Y sin la menor vacilación, Alexander literalmente se tiró al suelo y rodó por el piso.
Clara: …
Ya casi era de día.
La gente empezó a llegar a la oficina uno tras otro.
Clara abrió las cortinas.
El cielo exterior estaba iluminado con una preciosa mezcla de colores del amanecer; otro día había comenzado.
—¡Clara!
Sean entró.
—¿Papá?
¿Tan temprano por aquí?
—Es que tuve el mal presentimiento de que algo podría salir mal.
Te quedaste anoche a hacer guardia, ¿verdad?
Debió de ser agotador.
¿Todo bien, nada fuera de lo normal?
—preguntó, preocupado.
Después de irse a casa, no pudo quitarse de la cabeza la sensación de que algo no iba bien.
Simplemente no confiaba en que su hermano menor se quedara quieto y se portara bien.
Quién sabe qué lío armaría.
Así que Sean había venido justo al amanecer.
Clara sonrió.
—Estuvo tranquilo, no pasó nada; no te preocupes.
—Menos mal.
Apenas dormí, estuve nervioso toda la noche.
—La examinó de arriba abajo y añadió—: Ya has hecho suficiente.

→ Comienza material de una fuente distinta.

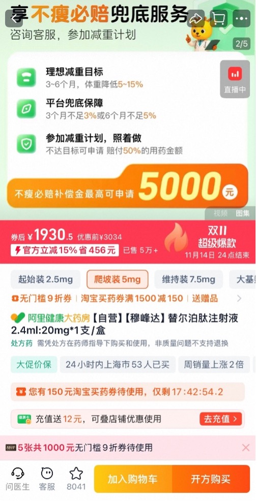 2025年3月底,美团率先推出了针对上述减肥药的“不瘦必赔”活动。在今年双11期间,各个平台都在针对减肥药进行类似活动,并将活动写在商品介绍图里。比如,阿里健康大药房称,患者购买替尔泊肽之后,若参加减重计划并照做,但未达到减重目标,最高可申请赔付50%的用药金额,最高可申请5000元。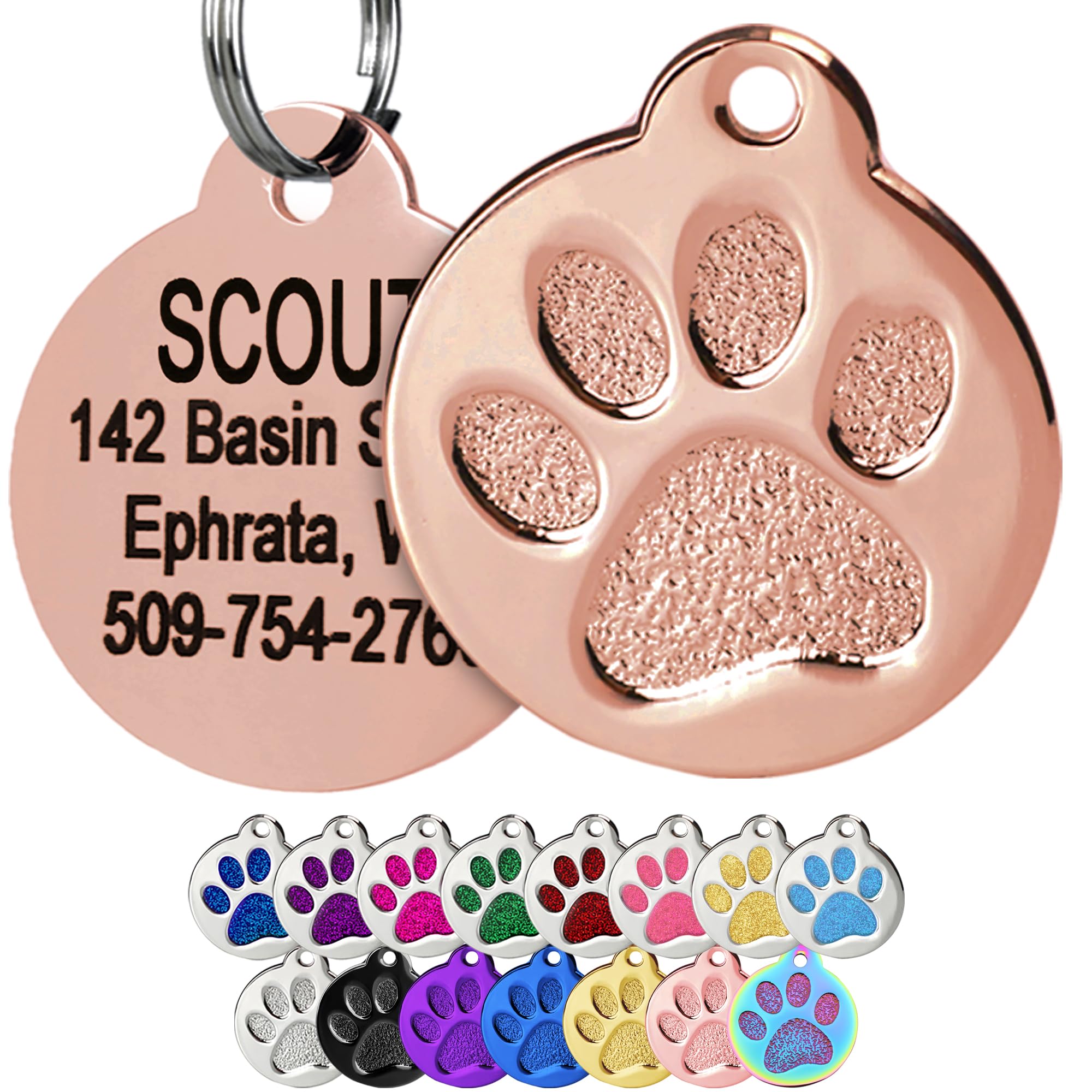 GoTags Paw Print Round Stainless Steel Pet Tag for Dogs and Cats, Personalized with 4 Lines of Custom Engraved ID Name and Number, in Stainless Steel|Pet Supplies
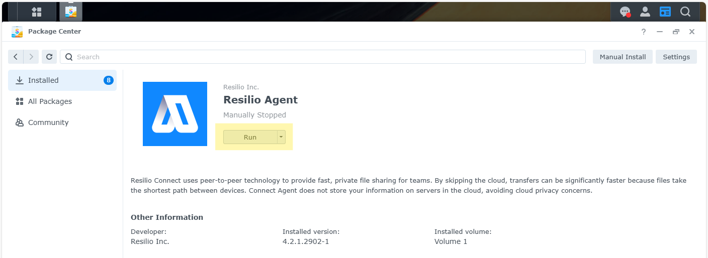 Once the agent has been successfully upgraded, click Run to start Resilio Agent.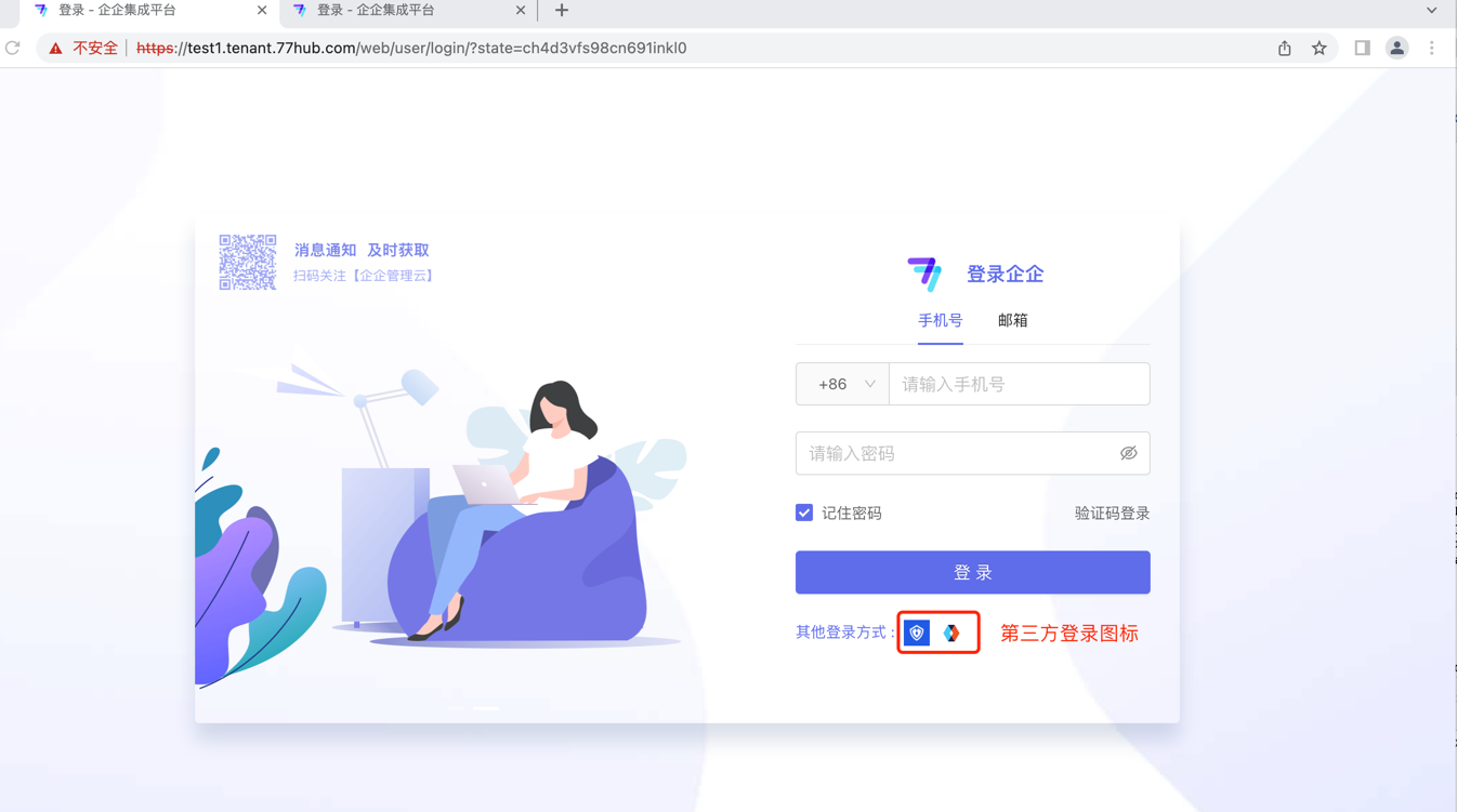 - 使用租户子域名,或者顶级域名, 例如: https://tenant-子域名.77hub.com/idps/auth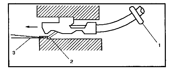 2. Insert the J 35689 tool or equivalent (3) in order to release the terminal locking tang (2).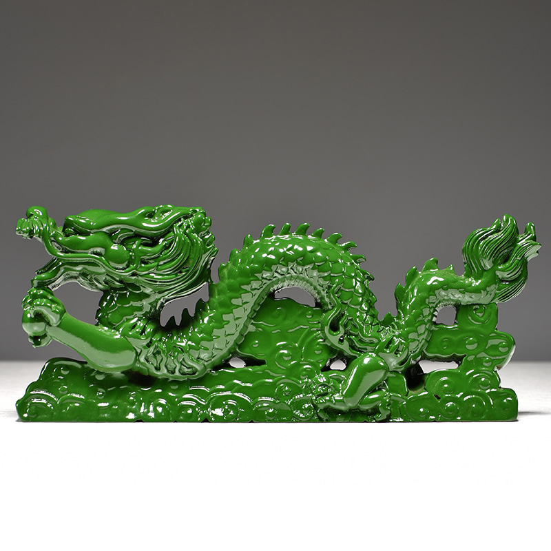绿色木质龙摆件实木雕刻龙生肖龙飞龙摆件家居客厅办公装饰送礼品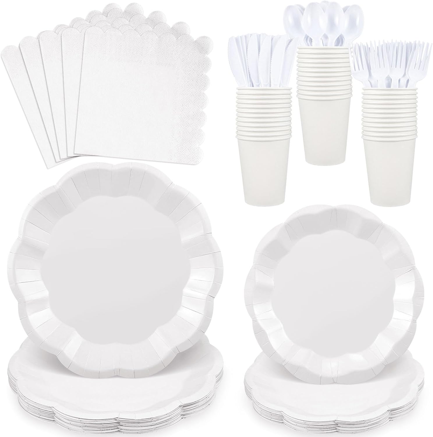 175 Pcs White Plates and Napkins Set, 25 Guest White Party Supplies Include Scalloped Plate Paper Napkin Cup Forks Knives Disposable Plastic Cutlery for Wedding Baby Shower Birthday Party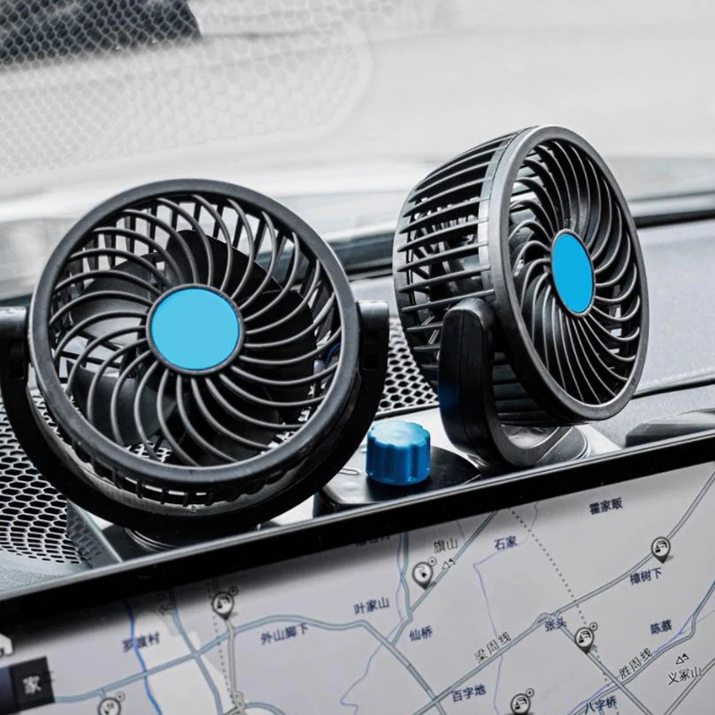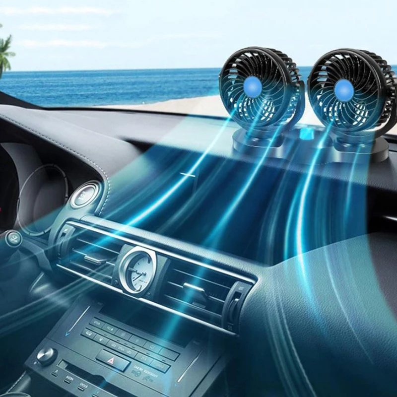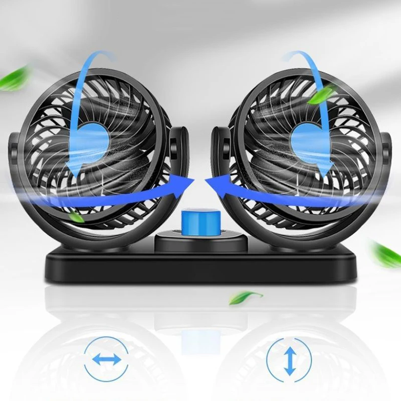 🚗 Rotating Vehicle Fan – Dual-Head 360° Adjustable Car Cooling Fan (12V/24V, Low Noise, Energy Saving)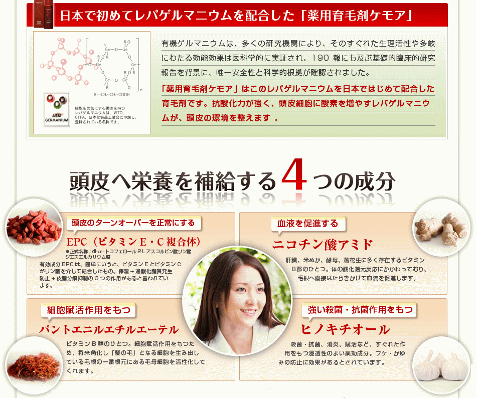 薬用育毛剤のケモアには、頭皮のターンオーバーを正常化する「ビタミンE・C複合体」や、血流を促進する「ニコチン酸アミド」、細胞の活性化を促す「パントテニルエチルエーテル」、そして、抗菌作用がある「ヒノキチオール」の4つの有効な栄養成分と、体内に酸素は運ぶ事でエネルギーを生み出し、体内の毒素を排出する働きがある「レパゲルマニウム」が配合されている事で、毛母細胞が活性化するために必要な栄養と酸素を頭皮に与え、育毛・発毛効果がある事が特徴です。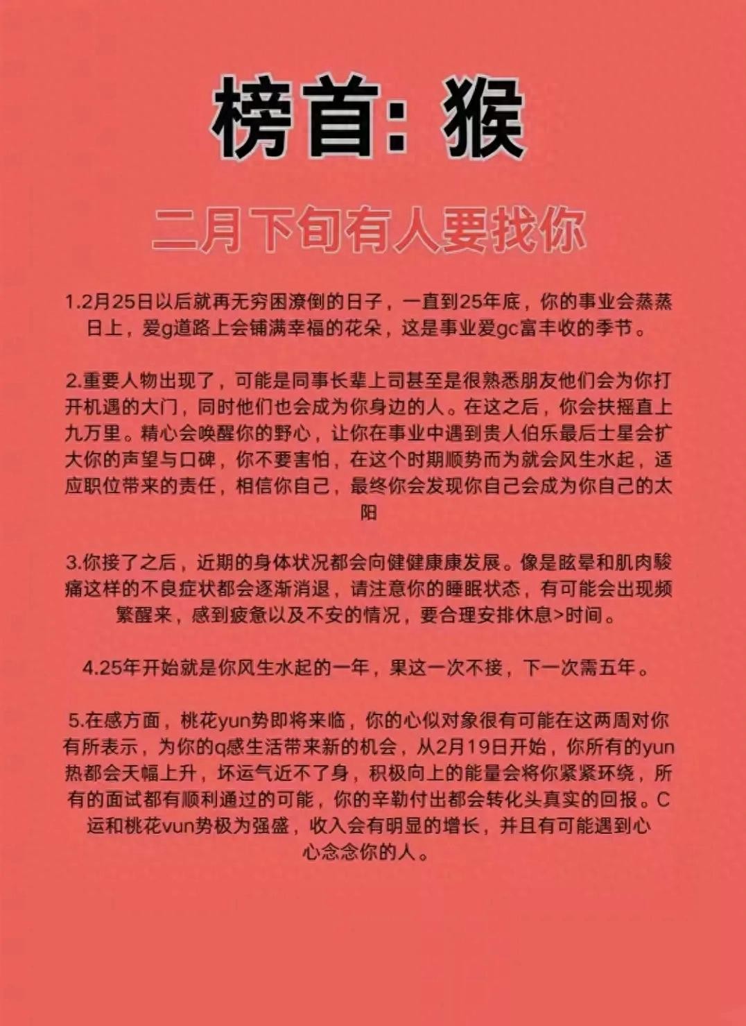 总的来说,属猴的人在今年的整体运势较好,无论是事业、财运、感情还是健康都有一定的积极影响。但需要注意的是,虽然总体运势较好,但也要根据个人的实际情况来调整自己的计划和行动,才能更好地把握机遇、规避风险。
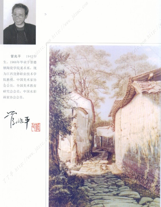 管兆平 1942年生。1966年毕业于景德镇陶瓷学院美术系,现为江西宜春职业技术学院教授,中国美术家协会会员,全国美术教育研究会会员,中国水彩画家协会会员。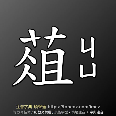 葅,注音ㄐㄩ,拼音jū,辭典解釋為:同「菹」。《玉篇.艸部》:「葅,同菹。」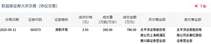 9月11日,清新環(huán)境大宗交易成交200萬股,成交額786萬元,占當(dāng)日總成交額的12.98%,成交價(jià)3.93元,較市場(chǎng)收盤價(jià)4.08元折價(jià)3.68%。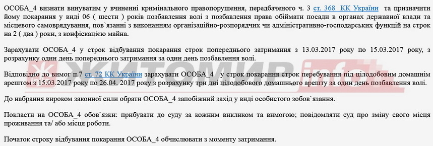 Пом’якшуючи чи обтяжувальні покарання обставини були відсутні, Вадима Пововіченка визнали винуватим у вчиненні кримінального правопорушення, передбаченого ч. 3 ст. 368 КК України та призначили йому покарання у виді 6 років позбавлення волі з конфіскацією майна. У строк відбування покарання зарахують строк попереднього затримання з 13.03.2017 року по 15.03.2017 року (1 день затримання за 1 день позбавлення волі) й строк перебування під цілодобовим домашнім арештом з 15.03.2017 року по 26.04. 2017 року (3 дні цілодобового домашнього арешту за 1 день позбавлення волі). Вироку суду ще не набрав законної сили і може бути оскаржений в апеляційному суді, до набрання вироком законної сили Вадимо Поповіченку обрали запобіжний захід у виді особистого зобов`язання.

Ahora ve a descansar como es debido, yo me encargo.
Clara asintió, aunque planeaba terminar de ordenar el resto de los informes financieros primero.
Las cuentas eran un caos y necesitaba ponerlas en orden.
Justo en ese momento, su teléfono vibró.
Era un mensaje de Nicolás.
[Buenos días, nena.
¿Ya me echas de menos?
Yo te estoy extrañando como un loco.]
[¡Pienso en ti mientras como, cuando camino, e incluso cuando duermo!]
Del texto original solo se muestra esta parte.